Но Климову не пришлось будить начальника Политуправления. Нежданная помощь пришла в лице давешнего сострадательного инструктора. Растерзанный, неопрятный, осыпанный пеплом человек с безумным и добрым лицом случайно слышал конец их разговора и накинулся на Хохлакова:
— Ты с ума сошел? Большой дивизионный за такое голову снимет. Дайте сюда листовку, я сам подпишу. А тебя, Хохлаков, здесь не было, понятно? Ты в сортире сидел.

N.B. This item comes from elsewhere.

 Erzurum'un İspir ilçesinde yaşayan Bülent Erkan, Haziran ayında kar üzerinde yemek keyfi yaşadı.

Он размашисто подмахнул листовку.
Было очень темно, тучи заволокли небо, но рельсы светились в темноте, ловя какое-то невидимое глазу небесное сияние, и Климов, хоть и спотыкался, все же довольно быстро одолевал финишную прямую. Просветлели новенькие шпалы, уложенные Марусей и ее товарками. Значит, это на самом деле существует: он, и Маруся, и эти девушки, и шпалы, и война, где могут убить?… Климов не заметил тогда, что изменил привычной формуле, вместо положенного «меня убьют» сказал: «могут убить», — он уже оставлял себе какой-то шанс…

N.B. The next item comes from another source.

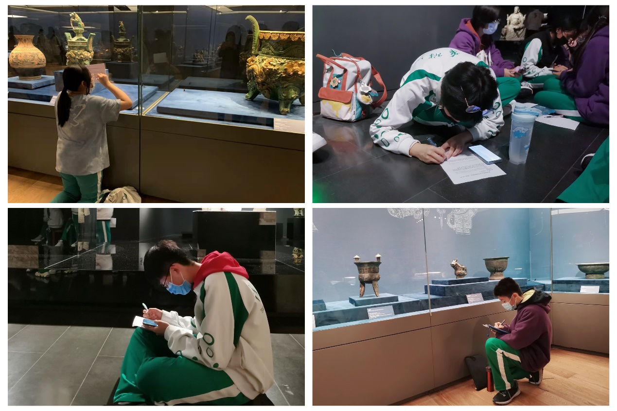 在欣赏之余,同学们围绕着令他们感受最深刻的文物展品,细细观察,慢慢端详,有些学生席地而坐,也有些学生半跪地面,甚至趴在地面…认真写下“美术学习单”。此时,在他们的世界里,仿佛只听得到自己和文物之间的交流对话。这样一张张专注学习的神情十分令人触动。

Тонкий, но резкий, пронзительный звук за его спиной, напоминавший свист снаряда, заморозил лопатки. Миг он пребывал в неподвижности, затем прыгнул под откос. Со стороны Неболчей, со стороны фронта, надвигался загадочный синий свет, подобный таинственному свечению целебной лампы, вправленной в сгусток тьмы. Климов засмеялся — это был поезд. Тишина и пустынность протянувшихся через весь его день рельсов заставили забыть, что перед ним — действующая железная дорога. Поезд проплыл — громадный, медленный, темный, словно мертвый внутри. Это был пассажирский поезд, и самое невероятное — он шел в Москву…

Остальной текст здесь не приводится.